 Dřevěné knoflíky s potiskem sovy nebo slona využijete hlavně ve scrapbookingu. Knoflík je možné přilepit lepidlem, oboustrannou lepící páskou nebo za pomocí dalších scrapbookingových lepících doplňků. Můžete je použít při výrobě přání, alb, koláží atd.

_____

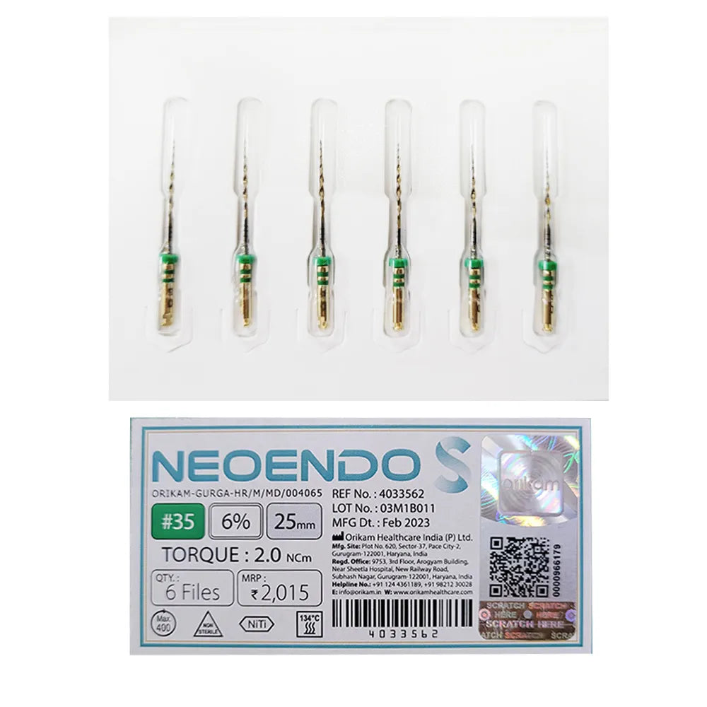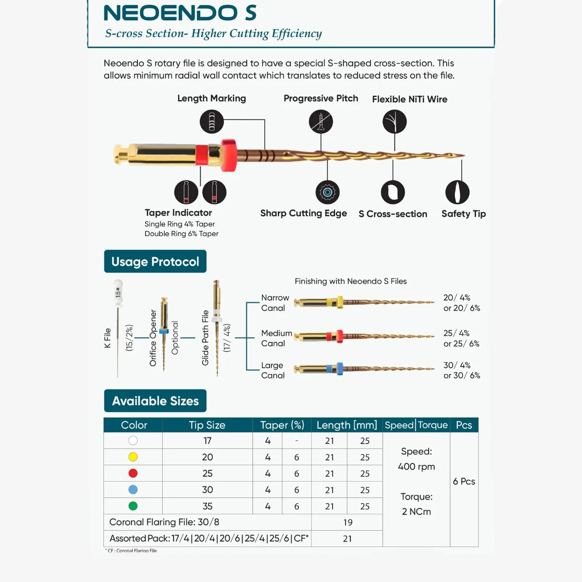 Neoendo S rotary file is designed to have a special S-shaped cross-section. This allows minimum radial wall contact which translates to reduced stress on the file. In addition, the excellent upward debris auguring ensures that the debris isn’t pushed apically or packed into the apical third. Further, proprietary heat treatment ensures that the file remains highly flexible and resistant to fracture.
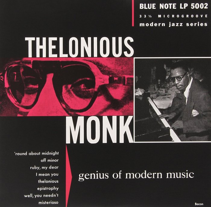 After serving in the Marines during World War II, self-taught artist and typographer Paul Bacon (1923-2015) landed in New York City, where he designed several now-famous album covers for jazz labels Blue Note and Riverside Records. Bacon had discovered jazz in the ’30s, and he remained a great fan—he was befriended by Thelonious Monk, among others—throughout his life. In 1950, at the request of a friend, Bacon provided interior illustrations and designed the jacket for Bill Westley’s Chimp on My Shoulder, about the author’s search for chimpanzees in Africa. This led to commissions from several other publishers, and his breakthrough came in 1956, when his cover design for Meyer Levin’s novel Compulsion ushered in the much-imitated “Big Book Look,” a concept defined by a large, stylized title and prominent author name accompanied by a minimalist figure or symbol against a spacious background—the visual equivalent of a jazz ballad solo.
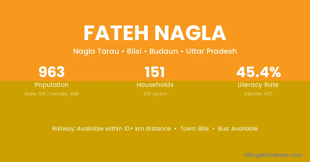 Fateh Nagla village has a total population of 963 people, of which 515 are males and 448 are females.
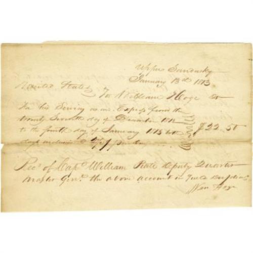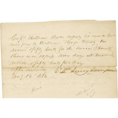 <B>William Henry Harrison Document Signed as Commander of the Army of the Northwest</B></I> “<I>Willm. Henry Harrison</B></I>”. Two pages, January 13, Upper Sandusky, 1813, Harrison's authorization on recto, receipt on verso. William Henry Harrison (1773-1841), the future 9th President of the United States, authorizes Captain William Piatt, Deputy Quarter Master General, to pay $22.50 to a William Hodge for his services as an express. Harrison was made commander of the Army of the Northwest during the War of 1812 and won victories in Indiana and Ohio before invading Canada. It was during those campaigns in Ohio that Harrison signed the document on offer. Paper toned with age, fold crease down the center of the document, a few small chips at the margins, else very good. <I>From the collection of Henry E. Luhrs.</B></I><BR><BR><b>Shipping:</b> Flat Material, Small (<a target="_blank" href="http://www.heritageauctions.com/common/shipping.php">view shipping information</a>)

_____

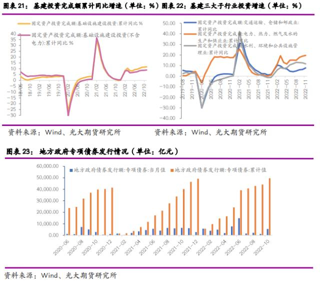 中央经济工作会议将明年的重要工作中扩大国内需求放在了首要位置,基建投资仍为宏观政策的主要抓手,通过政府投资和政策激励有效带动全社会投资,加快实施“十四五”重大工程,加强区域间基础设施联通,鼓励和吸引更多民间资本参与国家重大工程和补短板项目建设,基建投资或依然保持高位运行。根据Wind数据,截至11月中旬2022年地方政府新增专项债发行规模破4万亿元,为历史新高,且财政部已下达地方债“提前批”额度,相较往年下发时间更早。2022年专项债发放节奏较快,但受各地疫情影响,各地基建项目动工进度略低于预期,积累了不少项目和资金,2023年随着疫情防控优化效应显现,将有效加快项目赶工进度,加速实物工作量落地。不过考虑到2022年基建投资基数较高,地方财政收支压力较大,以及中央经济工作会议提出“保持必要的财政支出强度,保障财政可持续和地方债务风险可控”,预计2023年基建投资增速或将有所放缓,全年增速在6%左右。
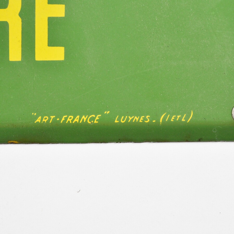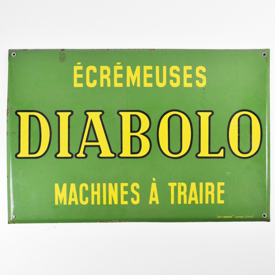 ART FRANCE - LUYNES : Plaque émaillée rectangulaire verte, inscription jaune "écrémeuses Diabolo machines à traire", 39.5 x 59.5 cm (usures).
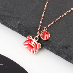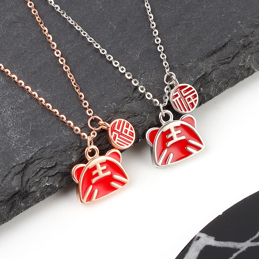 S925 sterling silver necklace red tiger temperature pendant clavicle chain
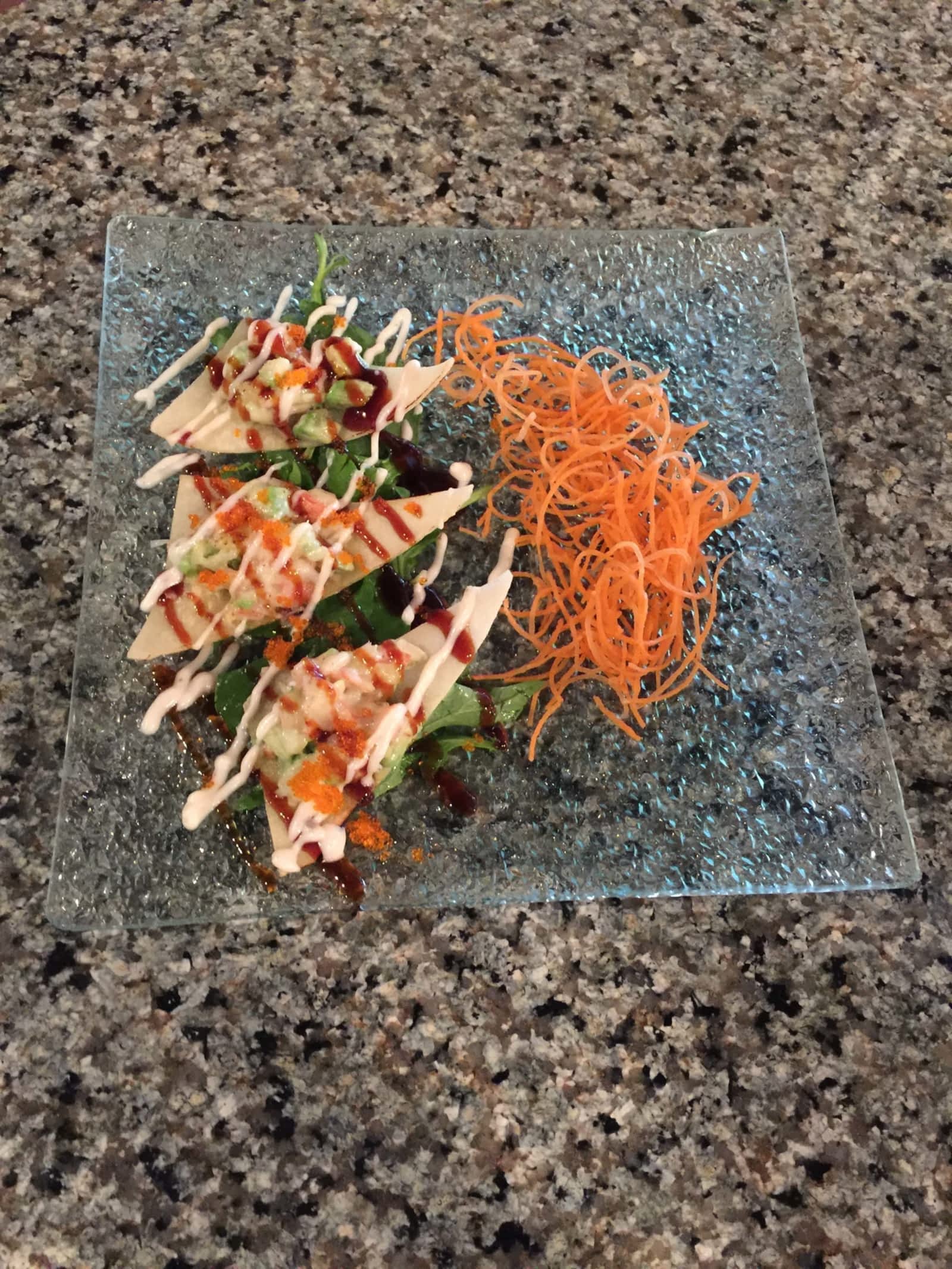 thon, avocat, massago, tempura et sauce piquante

_____

■ Problem requirements ■
In the listing above, find the line containing "ART FRANCE - LUYNES" and the line containing "thon, avocat, massago, tempura", then write out both of them and every line between, exactly, with no pictures.

■ Answer box ■
 ART FRANCE - LUYNES : Plaque émaillée rectangulaire verte, inscription jaune "écrémeuses Diabolo machines à traire", 39.5 x 59.5 cm (usures).
 S925 sterling silver necklace red tiger temperature pendant clavicle chain
 thon, avocat, massago, tempura et sauce piquante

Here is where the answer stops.